## YOUR TASK
Write out the whole listing below exactly, skipping each picture.

## DATASET CONTENT
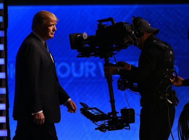 El precandidato presidencial republicano Donald Trump llega a un debate el 6 de febrero de 2016 en Manchester (New Hampshire, EEUU)
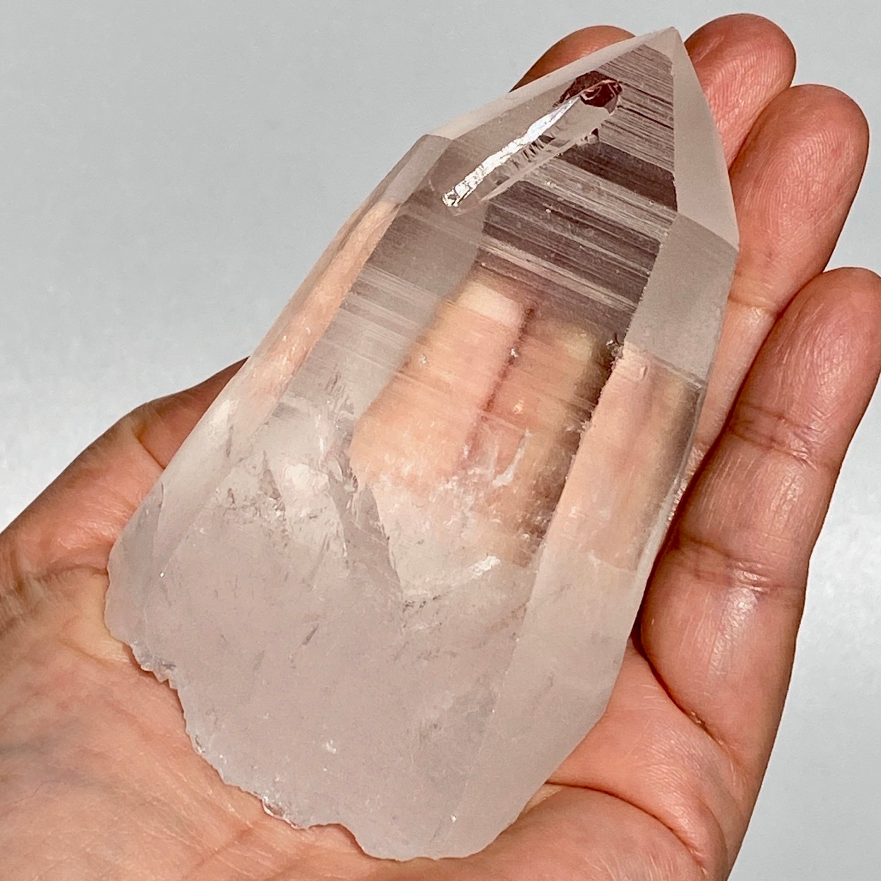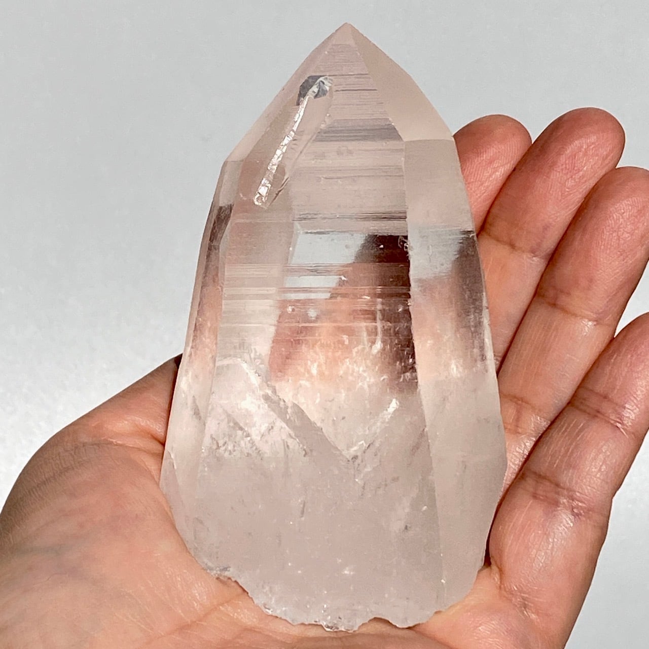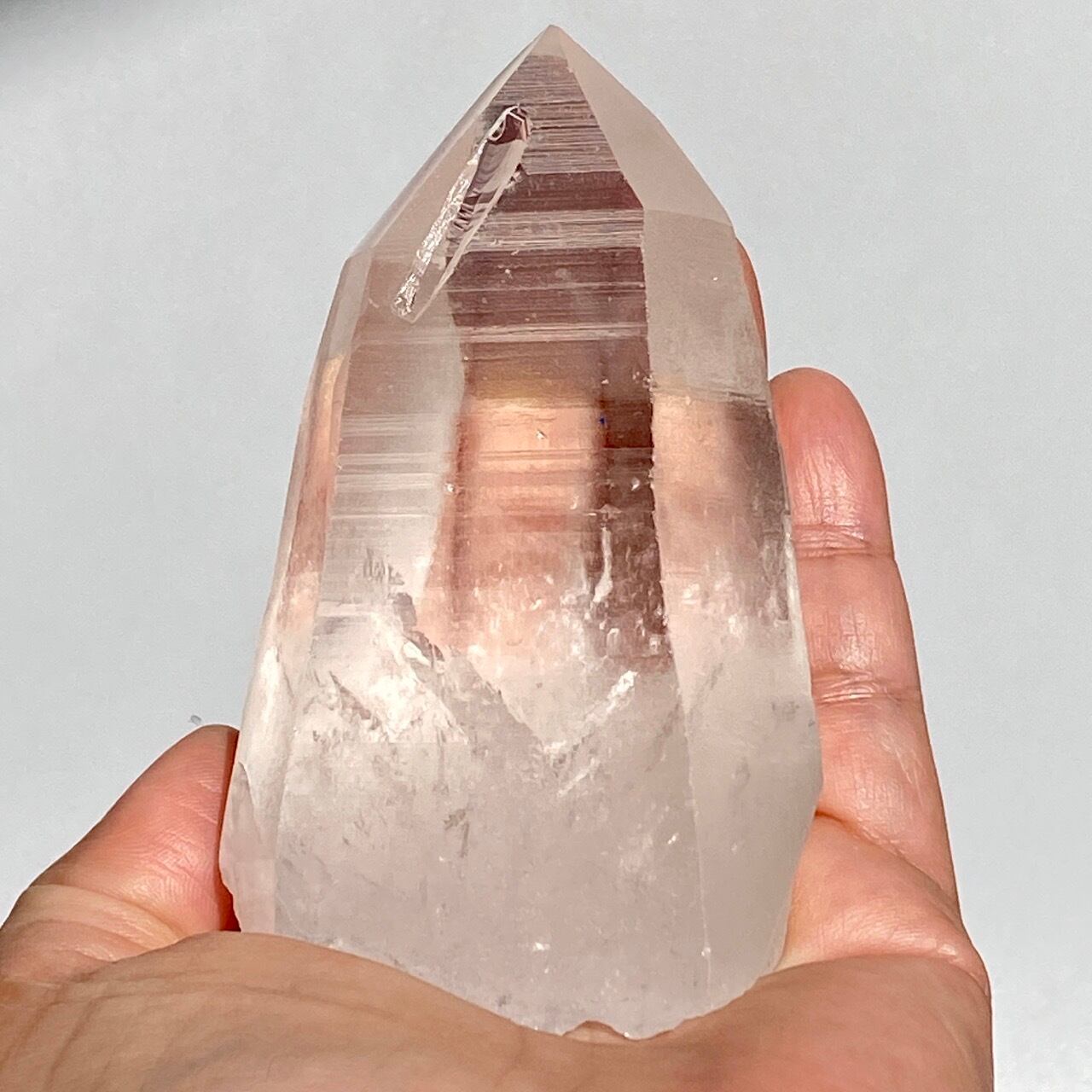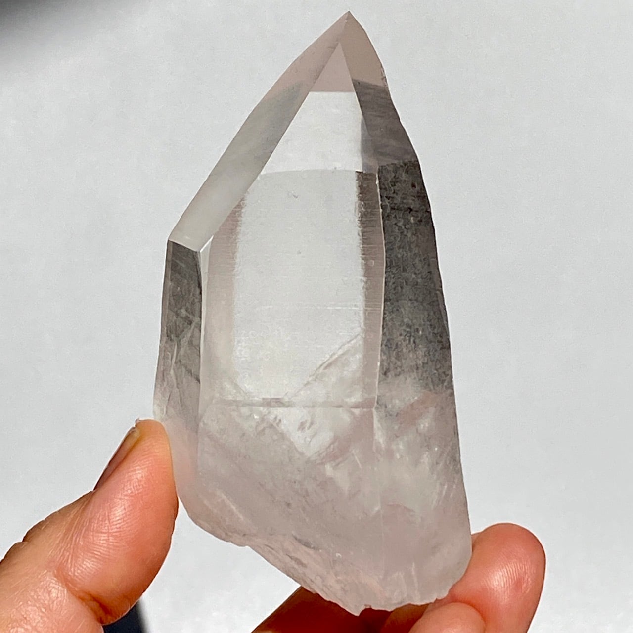 霜もしくは天使の羽の様な見た目の下部とそれ以外の高透明度のセクションのコントラストが魅力的な子です。磨かれた一番大きなファセットから見られる、手でなぞると段差を感じられる反対側の柱面のくっきりとしたレムリアンリッジ(横に入った条線)と、小さなポイントが付いていた箇所(剥離痕)も注目箇所です。
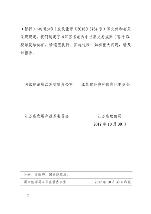 第一條 為規(guī)范江蘇電力市場中長期交易,依法維護(hù)電力市場主體的合法權(quán)益,保證電力市場建設(shè)工作統(tǒng)一、開放、競爭、有序,根據(jù)《中共中央國務(wù)院關(guān)于進(jìn)一步深化電力體制改革的若干意見》(中發(fā)〔2015〕9號)及其配套文件、國家發(fā)改委國家能源局《電力中長期交易基本規(guī)則(暫行)》(發(fā)改能源〔2016〕2784號)等文件和有關(guān)法律、法規(guī)規(guī)定,結(jié)合江蘇實(shí)際,制定本規(guī)則。

## THE COMPLETED TASK
 El precandidato presidencial republicano Donald Trump llega a un debate el 6 de febrero de 2016 en Manchester (New Hampshire, EEUU)
 霜もしくは天使の羽の様な見た目の下部とそれ以外の高透明度のセクションのコントラストが魅力的な子です。磨かれた一番大きなファセットから見られる、手でなぞると段差を感じられる反対側の柱面のくっきりとしたレムリアンリッジ(横に入った条線)と、小さなポイントが付いていた箇所(剥離痕)も注目箇所です。
 第一條 為規(guī)范江蘇電力市場中長期交易,依法維護(hù)電力市場主體的合法權(quán)益,保證電力市場建設(shè)工作統(tǒng)一、開放、競爭、有序,根據(jù)《中共中央國務(wù)院關(guān)于進(jìn)一步深化電力體制改革的若干意見》(中發(fā)〔2015〕9號)及其配套文件、國家發(fā)改委國家能源局《電力中長期交易基本規(guī)則(暫行)》(發(fā)改能源〔2016〕2784號)等文件和有關(guān)法律、法規(guī)規(guī)定,結(jié)合江蘇實(shí)際,制定本規(guī)則。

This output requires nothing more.